(Records from a dataset)
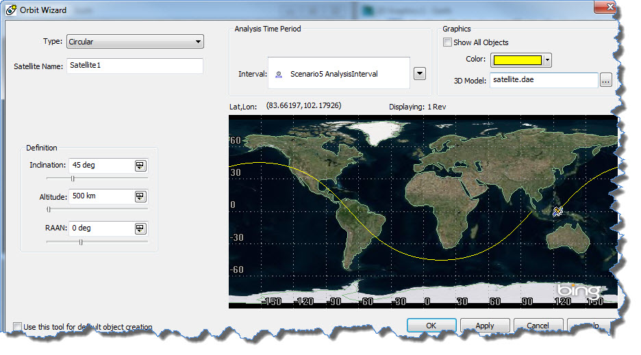 Now you have a model of a meaningful “world”, but your world has no objects. You still need a spacecraft traveling in a Molniya orbit. In STK, the satellite object is used to model the properties and behavior of a vehicle in orbit around a central body.
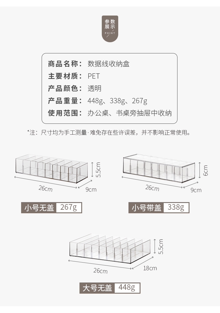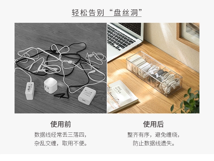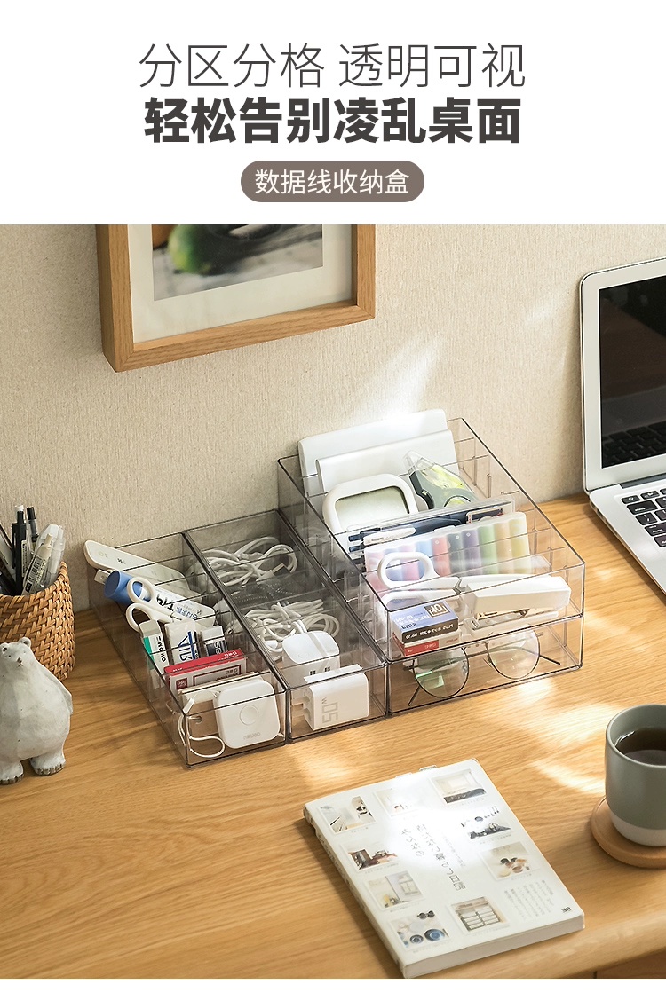 数据线收纳盒分格桌面电源线整理盒手机平板充电器充电线收纳
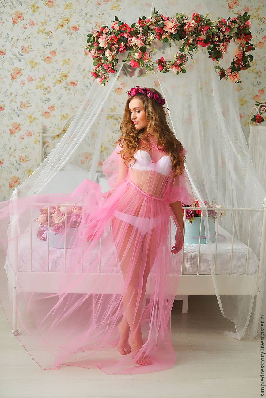 Для беременных созданы специальные модели. Удобнее всего пеньюары с халатом и кимоно, которые можно с помощью пояса отрегулировать по размеру живота. Подходят и викторианские модели с разрезом от груди. Ткань в них будет создавать шлейф, прикрывать живот, но не стягивать его.
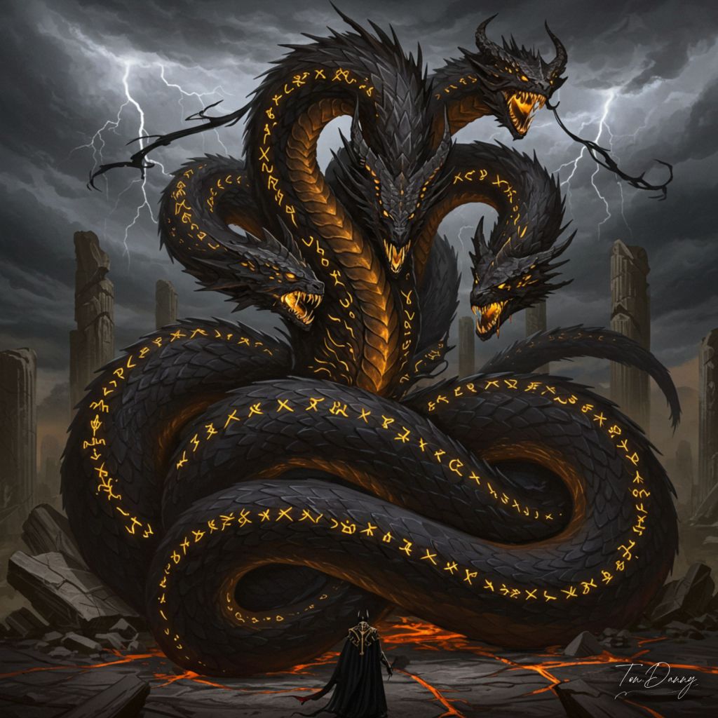 “Coiled around the ruins of a forgotten civilization, a colossal, multi-headed serpent slumbers beneath a sky of swirling black storms. Its obsidian scales gleam with an unnatural luster, etched with pulsating golden sigils that shift and writhe like living runes. Its seven heads, each resembling a different monstrous entity—a dragon, a wolf, a demon, and more—snarl and twist, their glowing, soulless eyes locked in an eternal gaze upon the world below. Their fangs drip with a venom so corrosive that it dissolves stone upon contact, forming rivers of molten ruin across the desolate landscape. From the serpent’s back, twisted black tendrils rise like living banners, crackling with abyssal lightning. The very air around it is heavy, suffocating, pressing down like the weight of an ancient curse. It does not move. It does not need to. The world itself trembles beneath its slumber, as if fearing the moment it awakens once more.”
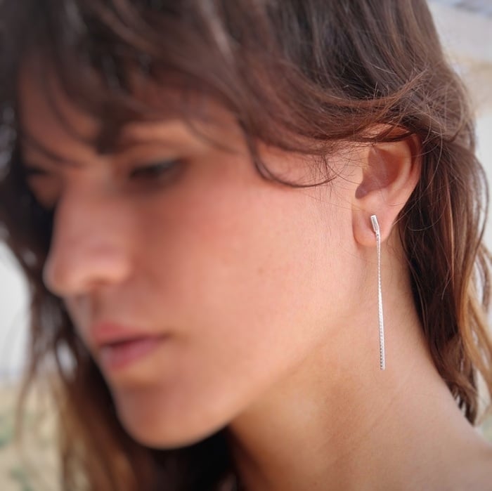 Long Ribbon Silver Earrings
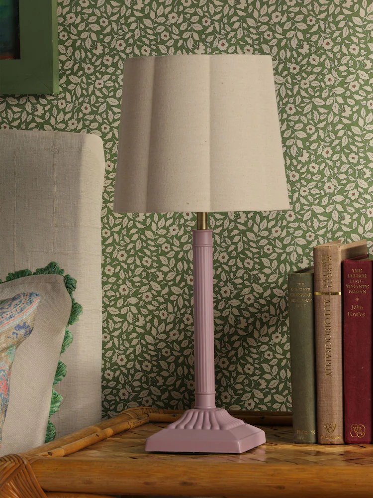 From bedside to bookcase, the Buscot table lamp will enhance any space in your home. Combining timeless style and functionality, it’s a piece that will look just as good in years to come as it does today. A decorated long column stand and square base with a pink matte painted finish creates stand-out appeal. The neutral coloured linen lamp shade is scalloped for a nod to the art deco era and creates a cosy glow against the wall. Just add an early night and the latest romance bestseller.
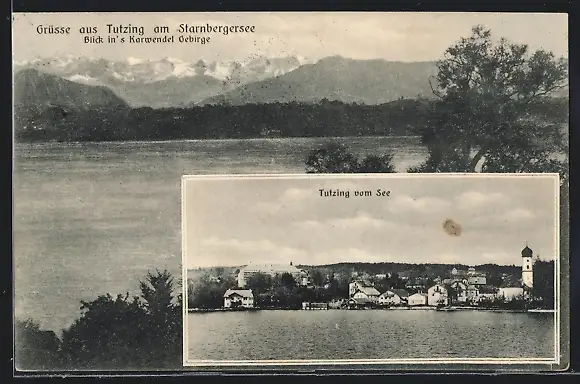 AK Tutzing am Starnberger See, Karwendelgebirge, Ortspartie am Seeufer
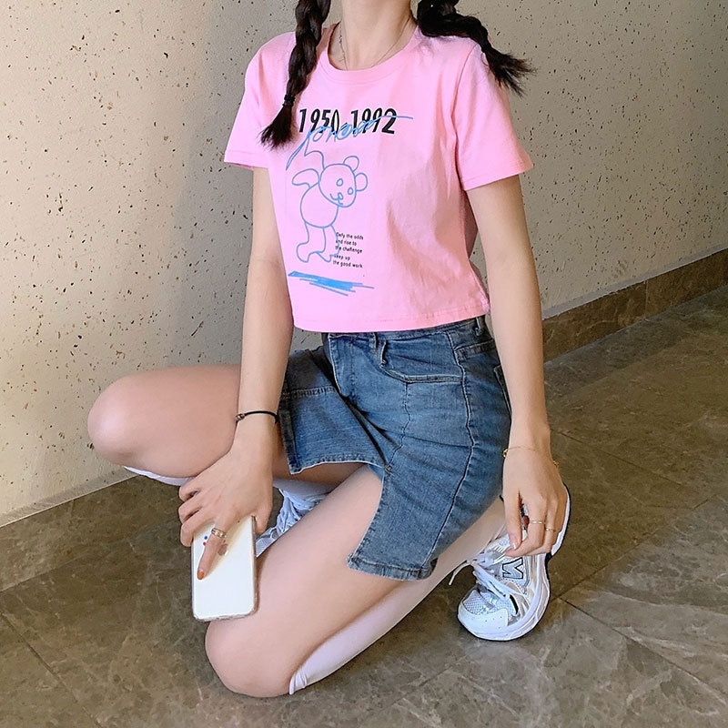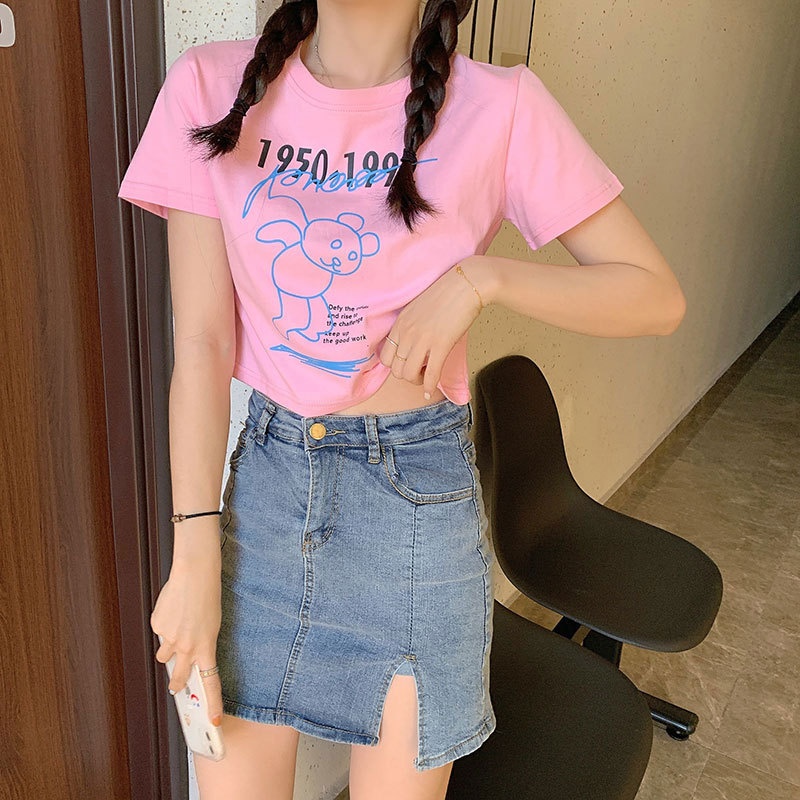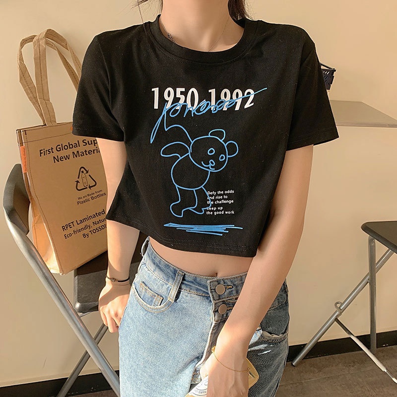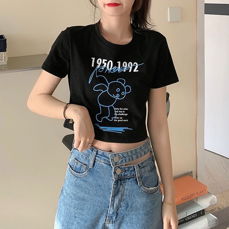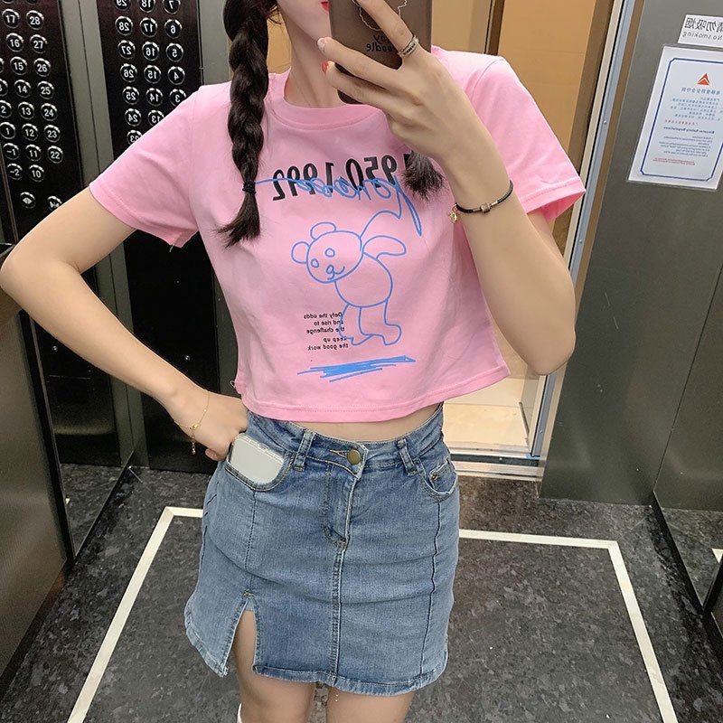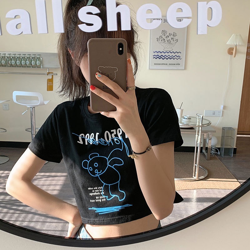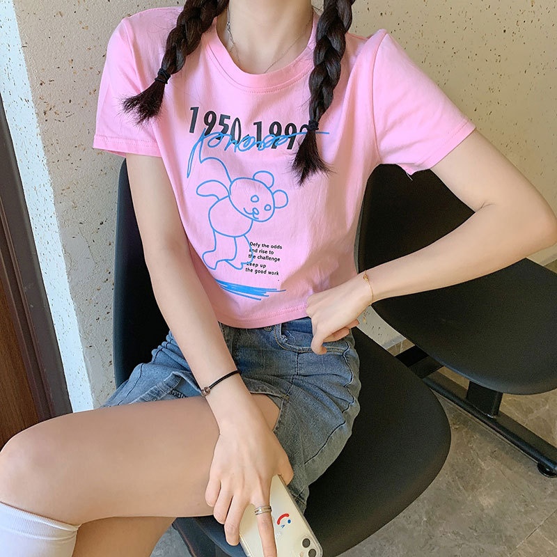 小熊印花短款t恤女2025夏新款修身韩版高腰露脐短袖上衣跨境女装

INSTRUCTIONS TO FOLLOW>
When the line containing "From bedside to" is reached, write out that line and each one after it exactly, ending with the last line of the records; pictures are not copied.

ANSWER SPACE>
 From bedside to bookcase, the Buscot table lamp will enhance any space in your home. Combining timeless style and functionality, it’s a piece that will look just as good in years to come as it does today. A decorated long column stand and square base with a pink matte painted finish creates stand-out appeal. The neutral coloured linen lamp shade is scalloped for a nod to the art deco era and creates a cosy glow against the wall. Just add an early night and the latest romance bestseller.
 AK Tutzing am Starnberger See, Karwendelgebirge, Ortspartie am Seeufer
 小熊印花短款t恤女2025夏新款修身韩版高腰露脐短袖上衣跨境女装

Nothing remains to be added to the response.